A data foi comemorada no antigo campo de extermínio com a presença de políticos polacos, o embaixador dos Estados Unidos em Varsóvia e o marido da vice-presidente Kamala Harris, Douglas Emhoff, além de sobreviventes e familiares. No entanto, devido à ofensiva na Ucrânia, o Museu de Auschwitz não convidou representantes russos para a cerimónia. "A Rússia vai precisar de uma autoavaliação extremamente longa e muito profunda após este conflito a fim de poder regressar às reuniões do mundo civilizado", disse à AFP o porta-voz do museu Piotr Sawicki.
Também a essa agência, o rabino-chefe da Rússia, Berel Lazar, que na véspera fora recebido por Putin, mostrou-se indignado. "Isto é claramente uma humilhação porque conhecemos e recordamos perfeitamente o papel do Exército Vermelho na libertação de Auschwitz e na vitória sobre o nazismo. Estes jogos políticos não têm lugar no dia do Holocausto", criticou Lazar.
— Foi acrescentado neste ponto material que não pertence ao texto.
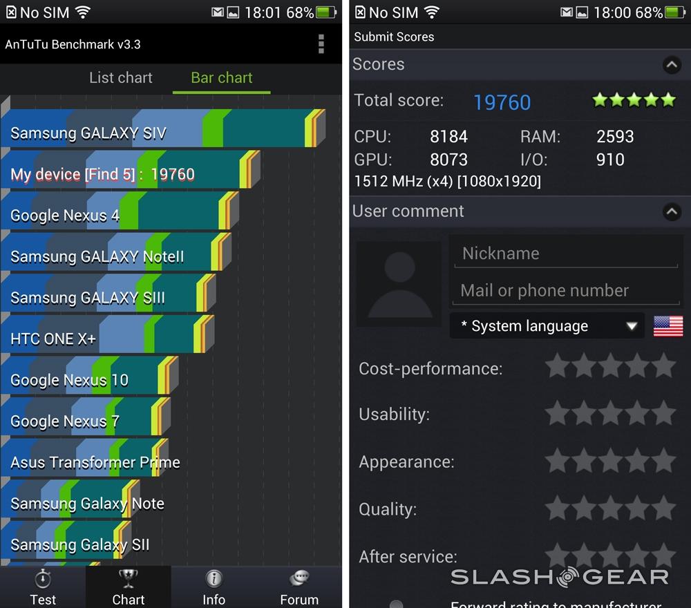 Below you'll also find some benchmark results from the OPPO Find 5 with its most up-to-date software. Again, this device isn't going to win any beastly smartphone battles, but it gets the job done. This device isn't going to be the best on the market if you're looking for a top-tier gaming experience, but for media consumption and capture and everyday non-game app activities, you'll be par for the course.
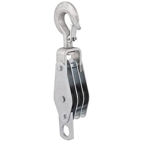 O gancho possui trava para maior segurança e polias de nylon de alto impacto, com uma durabilidade excelente.
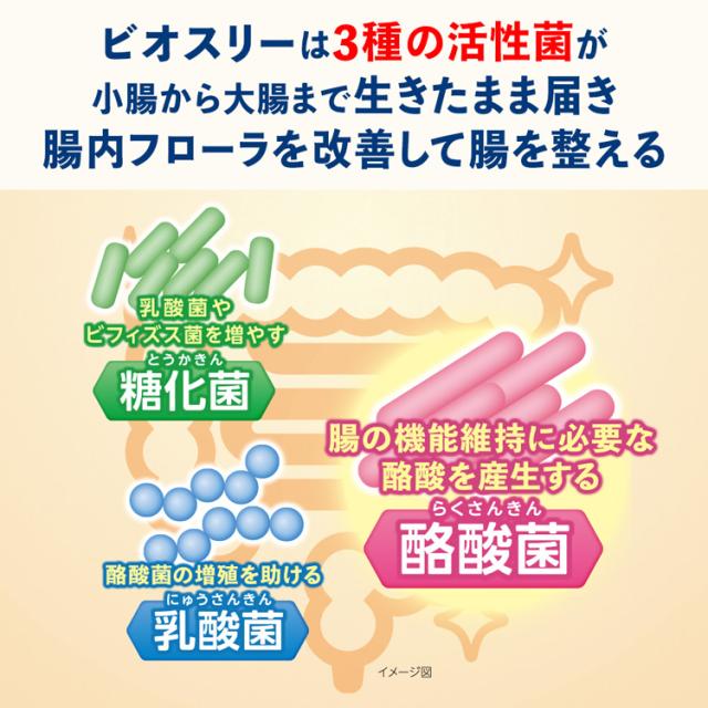●ビオスリーは小腸から大腸の部位ごとに働く3つの活性菌(「酪酸菌」、「乳酸菌」、「糖化菌」)を配合しています。
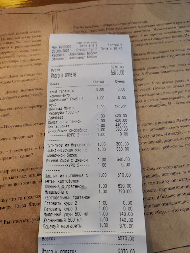 Read more+: Бар/Ресторан расположен удобно, в центре города, недалеко от центральных улиц Красноярска. +: Внутри приветливая и уютная атмосфера, приятный интерьер, необычные и интересные решения, которые подчёркивают литературную концепцию заведения. +: Отличное обслуживание в лице официанта - Александра, я бы даже сказал на столичном уровне. Предупреждают о тонкостях состава блюд и порядке их употребления, наличии ингредиентов-аллергенов на этапе заказа, что отдельно порадовало. +: Наличие комплимента от ресторана, что позволило попробовать новое блюдо и сразу сформировало благоприятное отношение к заведению. +: Приемлемые цены на еду и высоковатые за алкоголь, но учитывая барную составляющую на среднем уровне для города. +: Весьма вкусные и разнообразные блюда с интересными новинками и достойными кулинарными решениями, я остался доволен практически всеми заказанными позициями. Спасибо поварам за высокое качество приготовления и менеджерам за свежие и вкусные ингредиенты. Для ресторана, я считаю, это самый важный пункт. Хоть в меню и немного блюд, но все их интересно будет попробовать. Приятная посуда, выполненная в едином стиле.
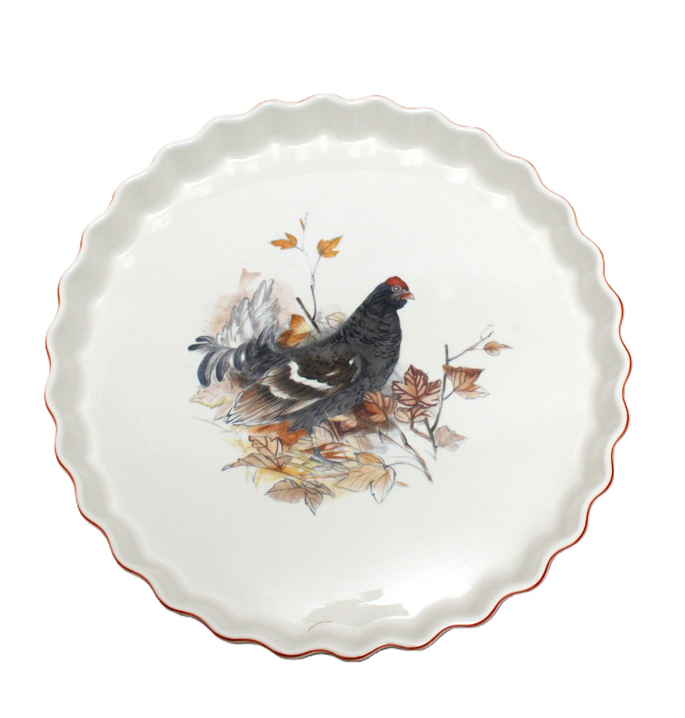 Beskrivelse: Villeroy & Boch, Jagtstellet designet af Mads Stage for Imerco. Stort Tærtefad med Urfugl. Fadet har en mere cremet farve end resten af Mads Stage stellet og er produceret af Villeroy & Boch. Fadet er ovnfast, tåler microovn og opvaskemaskine. Diameter 30 cm. Højde 4 cm. Flot ubrugt stand. Pris: 750 kr. Lager: 1
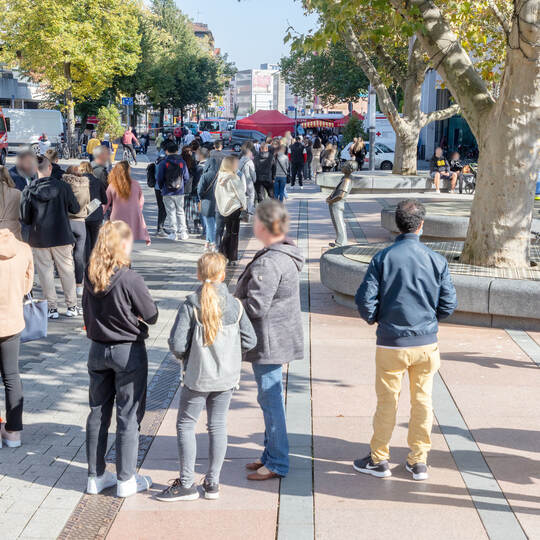 Erneut nutzten viele Menschen das Angebot. Obwohl die Schlange bis in die Bahnhofstraße reichte und mit einer Wartezeit von zwei langen Stunden gerechnet werden musste, herrschte in der herbstlichen Mittagswärme eine gelassene Stimmung unter den Wartenden. Dabei schadete es den Gemütern nicht, dass die Sonne sich ab und zu mal zeigte.

O Exército Vermelho era composto por uma maioria de soldados russos, mas também das outras nacionalidades. A contribuição dos ucranianos é estimada entre 4,5 milhões e 7 milhões de militares entre um total de 34 milhões durante a Grande Guerra Patriótica, o nome dado por Moscovo à Segunda Guerra Mundial.
De visita à Roménia depois de ter estado na Ucrânia e na Moldávia, a ministra dos Negócios Estrangeiros francesa resumiu a posição europeia às declarações de Putin. "É uma provocação indigna num dia como o de hoje", comentou Catherine Colonna.
Ataque antes dos reforços
No terreno, as forças russas estão a intensificar as operações ofensivas em particular na região de Donetsk, onde continua a tentativa de assalto a Bakhmut, e agora também a Vuhledar, a sul. Na sua mensagem diária, Zelensky reconheceu a situação "extremamente grave" em Donetsk, tendo dito ainda que as forças russas não estavam apenas a atacar as posições ucranianas, mas também a destruir as cidades e aldeias à sua volta.
Segundo o analista militar britânico Sean Bell, em comentários à Sky News, a Rússia procura "ganhar alguma dinâmica"antes de os tanques ocidentais estarem ao serviço de Kiev. A este propósito, o primeiro-ministro polaco Mateusz Morawiecki disse que o seu país vai enviar 60 tanques adicionais aos 14 Leopard 2 já anunciados. Os parceiros tinham comprometido no envio de pelo menos 105 tanques, número que já foi excedido, mas que está muito aquém dos "300 a 500 que a Ucrânia precisa agora", segundo uma avaliação de Zelensky em entrevista à Sky.